- [RECORDS]:
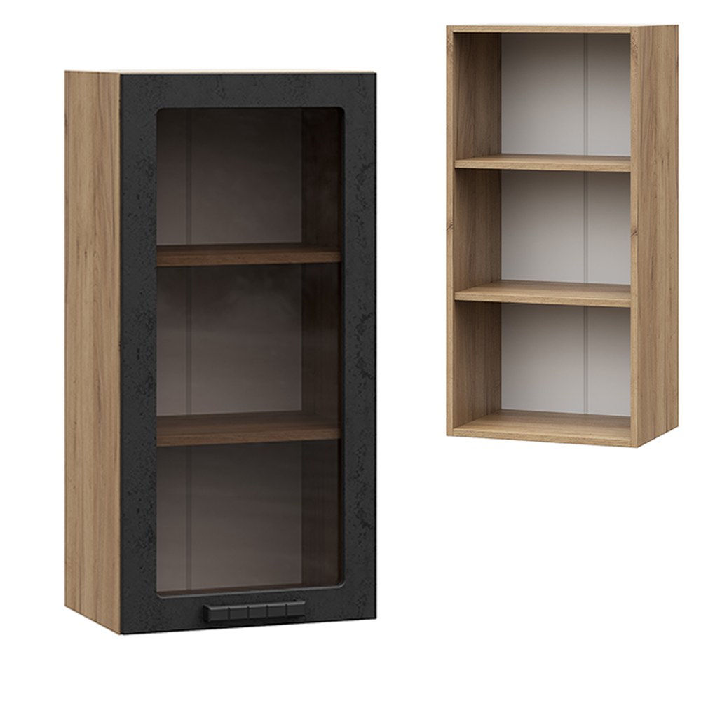 Шкаф верхний со стеклом ШВС 450-920 (0,45х0,920х0,314)/корпус ДУБ КРАФТ ЗОЛОТО/фасад МДФ Бетон Темный/Бетоны
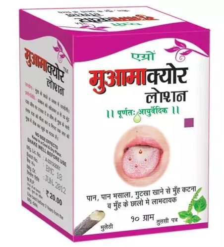 Agrow Muama: Agrow Muama Cure lotion is ayurvedic remedy for all sort of mouth ulcers. It provides relief from mouth ulcers that may occur due to eating hot food, hot tea, or chewing of pan, pan masala and gutkha. Its minty flavour provides soothening effect. Removes death skin around ulcers. Stomatitis.
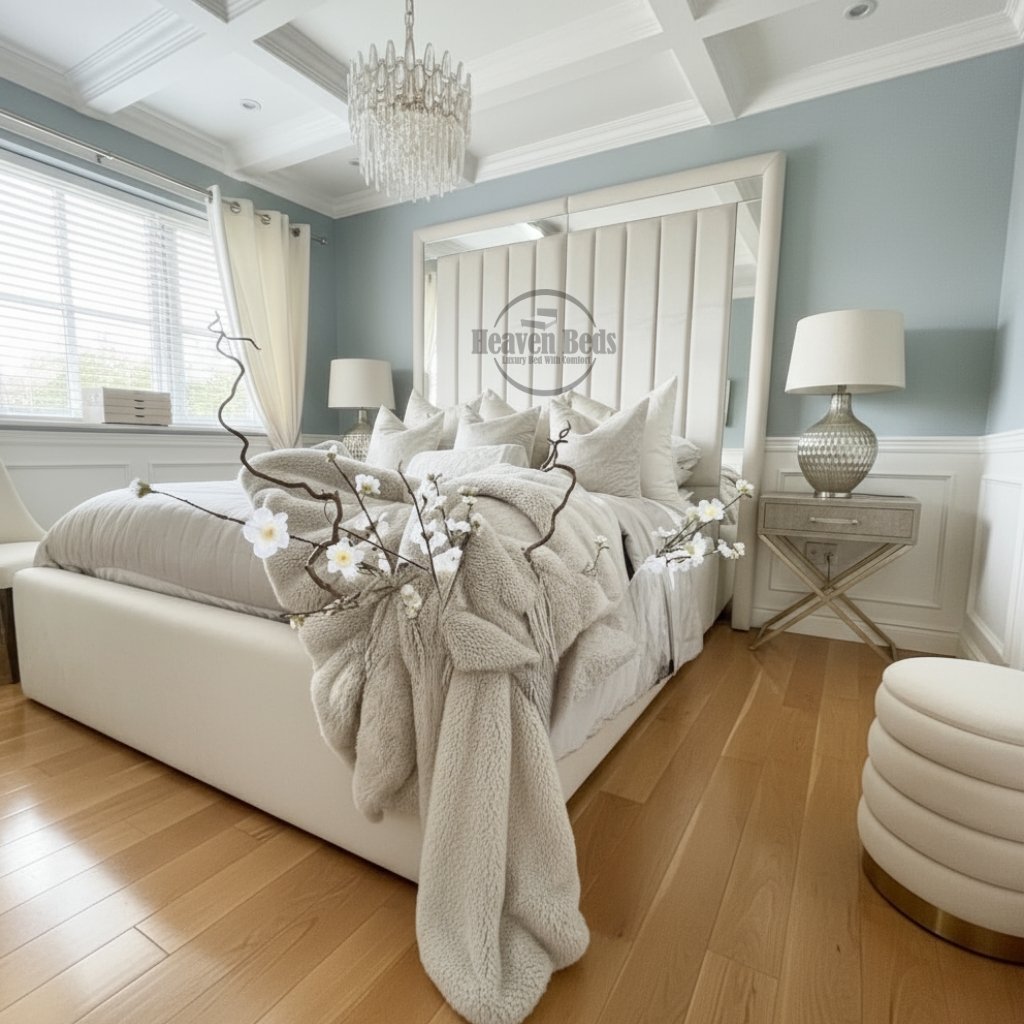 UK bedrooms often benefit from furniture that adds light rather than bulk. This tall headboard bed does exactly that—mirrored panels help bounce light around room, making spaces feel more open. Particularly effective in north-facing bedrooms or basement conversions where natural light is limited.
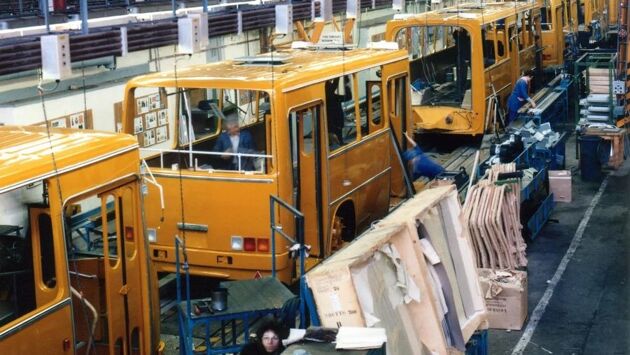 А так эти автобусы производились на заводе в Венгрии. На одном конвейере собираются сразу обе секции, одна за другой. Новенькие автобусы в характерном оранжевом цвете выглядят просто потрясающе!
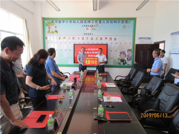 图书捐赠仪式结束后,蒋校长一行前往梁河县教育体育局出席电脑捐赠仪式。德赢官网Vwin向梁河县8所中小学校捐赠100台电脑,用于改善学校办学条件,助力梁河教育扶贫工作。梁河县人民政府副县长景智富,梁河县教育体育局主要领导及相关股室人员共20余人参加捐赠仪式。蒋校长总结回顾了云师大开展“挂包帮、转走访”对口帮扶梁河以来所开展的工作。蒋校长说:“扶贫先扶智,治穷先治愚”, 教育扶贫是脱贫攻坚的精神推动力和智力保障。扶贫是一个长期的过程,德赢官网Vwin能够在教育扶贫中发挥作用,同时教育扶贫也是我们的一种责任。今后云师大将义不容辞地下大力气持续帮扶,助推梁河脱贫攻坚教育精准扶贫工作。
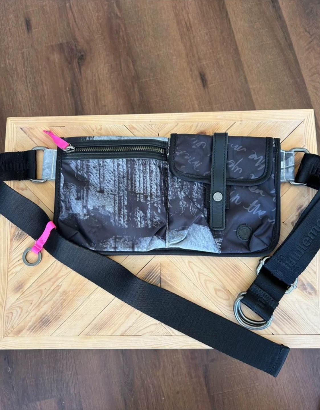 Selling a Lululemon belt bag in a stylish black and grey pattern! It’s in great condition and ready for your next adventure. Perfect for keeping your essentials close at hand while on the go
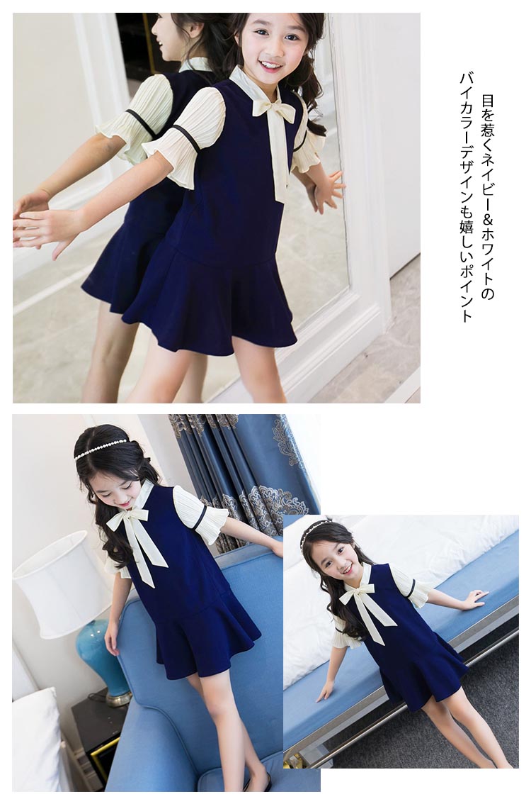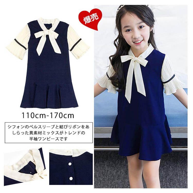 | シフォンのベルスリーブと結びリボンをあしらった異素材ミックスがトレンドの半袖ワンピースです本体はストレッチのある上品な素材Aラインで体型を選ばず、ラフな着心地◎目を惹くネイビー&ホワイトのバイカラーデザインも嬉しいポイントママサイズもご用意しているから、ママとお揃いで嬉しい | |

- [YOUR ASSIGNMENT]:
When copying the listing above, begin at its first line and stop after the line with "Agrow Muama: Agrow", keeping each line exact and dropping the pictures.

- [WRITTEN SOLUTION]:
 Шкаф верхний со стеклом ШВС 450-920 (0,45х0,920х0,314)/корпус ДУБ КРАФТ ЗОЛОТО/фасад МДФ Бетон Темный/Бетоны
 Agrow Muama: Agrow Muama Cure lotion is ayurvedic remedy for all sort of mouth ulcers. It provides relief from mouth ulcers that may occur due to eating hot food, hot tea, or chewing of pan, pan masala and gutkha. Its minty flavour provides soothening effect. Removes death skin around ulcers. Stomatitis.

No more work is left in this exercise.